── SOURCE MATERIAL ──

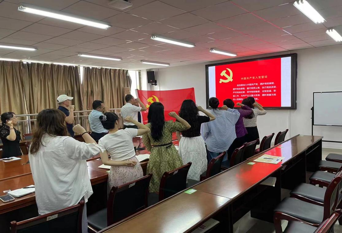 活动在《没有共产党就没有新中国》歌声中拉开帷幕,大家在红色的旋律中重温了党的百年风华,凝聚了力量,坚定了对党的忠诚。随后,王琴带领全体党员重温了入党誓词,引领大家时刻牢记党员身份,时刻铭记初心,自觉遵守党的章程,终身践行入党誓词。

───
── SOURCE MATERIAL ──

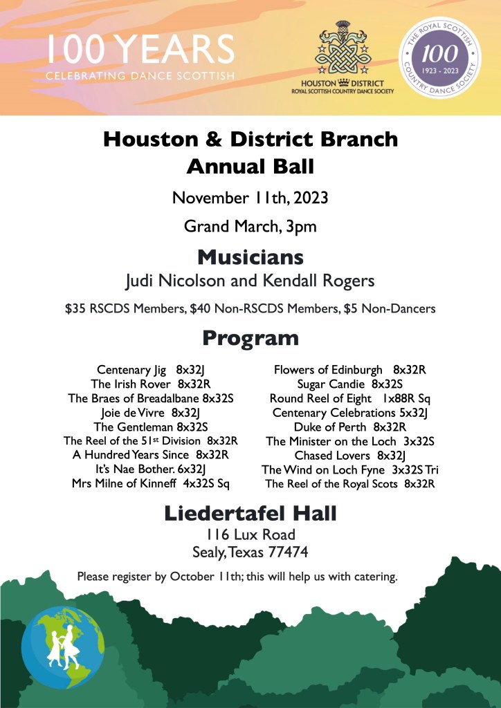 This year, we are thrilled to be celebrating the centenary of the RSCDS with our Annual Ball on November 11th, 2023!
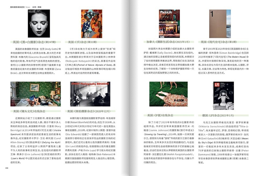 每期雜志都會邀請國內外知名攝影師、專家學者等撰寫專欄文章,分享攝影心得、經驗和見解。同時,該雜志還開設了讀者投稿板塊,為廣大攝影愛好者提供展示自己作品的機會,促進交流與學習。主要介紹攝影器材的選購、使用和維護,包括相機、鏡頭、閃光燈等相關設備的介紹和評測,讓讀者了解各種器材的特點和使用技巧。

───

TASK STATEMENT:
The result should be an exact copy of only the lines above from the one that holds "This year, we" through the one that holds "每期雜志都會邀請國內外知名攝", both ends included, without pictures.

TASK ANSWER:
 This year, we are thrilled to be celebrating the centenary of the RSCDS with our Annual Ball on November 11th, 2023!
 每期雜志都會邀請國內外知名攝影師、專家學者等撰寫專欄文章,分享攝影心得、經驗和見解。同時,該雜志還開設了讀者投稿板塊,為廣大攝影愛好者提供展示自己作品的機會,促進交流與學習。主要介紹攝影器材的選購、使用和維護,包括相機、鏡頭、閃光燈等相關設備的介紹和評測,讓讀者了解各種器材的特點和使用技巧。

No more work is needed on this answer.